The website (working prototype, not currently live) features a section that allows the user to browse through designer profiles. These profiles contain a biography about each designer, a gallery of the designer’s work, relative links, and a link to our exclusive interview with the designer. The site also boasts a news section, a section with resources and links for student designers, and a forum where visitors can converse with each other.
RISD Museum Interactive Exhibit and Website Proposal
This hypothetical exhibition, entitled Postmortem c.250 BC, will give the visitor the opportunity to interact with death and the afterlife as the ancient Egyptians knew it. Using the space currently inhabited by the Rhode Island School of Design Museum’s ancient art collection this exhibit will span five different room and will feature all of the Egyptian Funerary items in the RISD Museum’s collection.

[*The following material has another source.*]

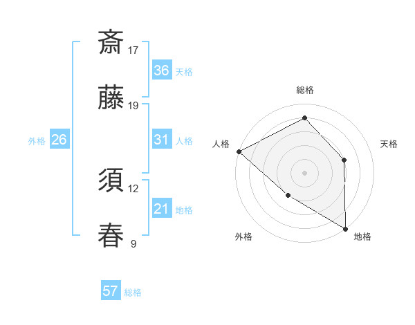斎藤 須春さんの総格は57画の4点!
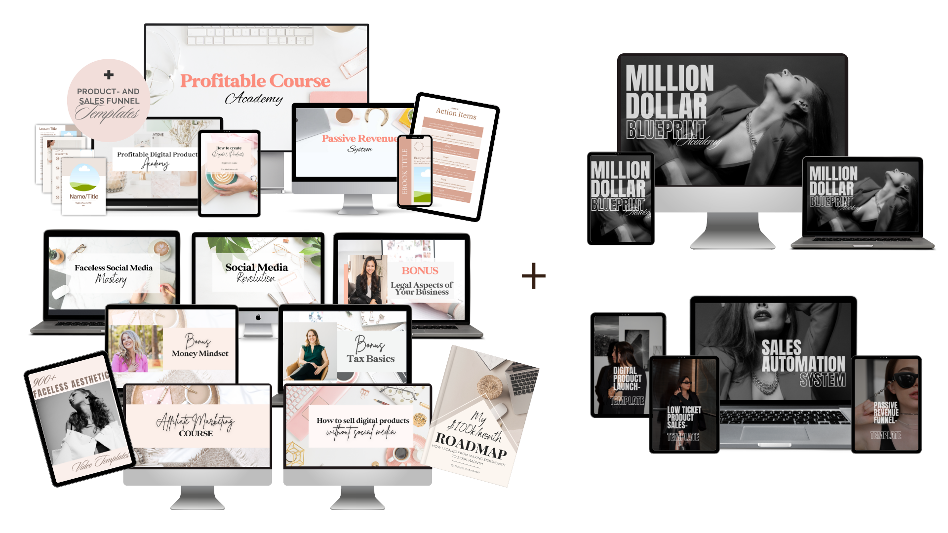 All-in-one shop with ALL step-by-step frameworks how to create and sell your own digital products and digital courses & how to automate your business for generating revenue from your digital products as passively as possible + *NEW* Million Dollar Blueprint Course & Sales Automation System Course (with templates!) and Affiliate Marketing Courses + access to our affiliate marketing program (50% commission)

Each room has a theme, the first being the funerary artifact room. This room houses the bulk of the collection. Visitors can use the touch screens located in front of each object to look up more information on the item. They can zoom up on the object and in the case of some smaller display cases even rotate the items.
Visitors enter the mummification room next. In this darker space projections of hieroglyphics from the Book of the Dead cover the black walls. When visitors wave their hands in front of the text it transforms to an English translation of the glyphs. Inside this room RISD’s mummy, Nesmin, is in a multi-layered case giving visitors a better view of his coffin and his wrappings. The touch screens that surround the mummy can be used to look up information about this mummy, other mummies in Egypt and the mummification process. Each screen controls a small camera inside the case allowing users to zoom up and pan around the mummy to observe it in great detail. The large touch sensitive screen at the back of the room displays CAT scans of the mummy that visitors can interact with.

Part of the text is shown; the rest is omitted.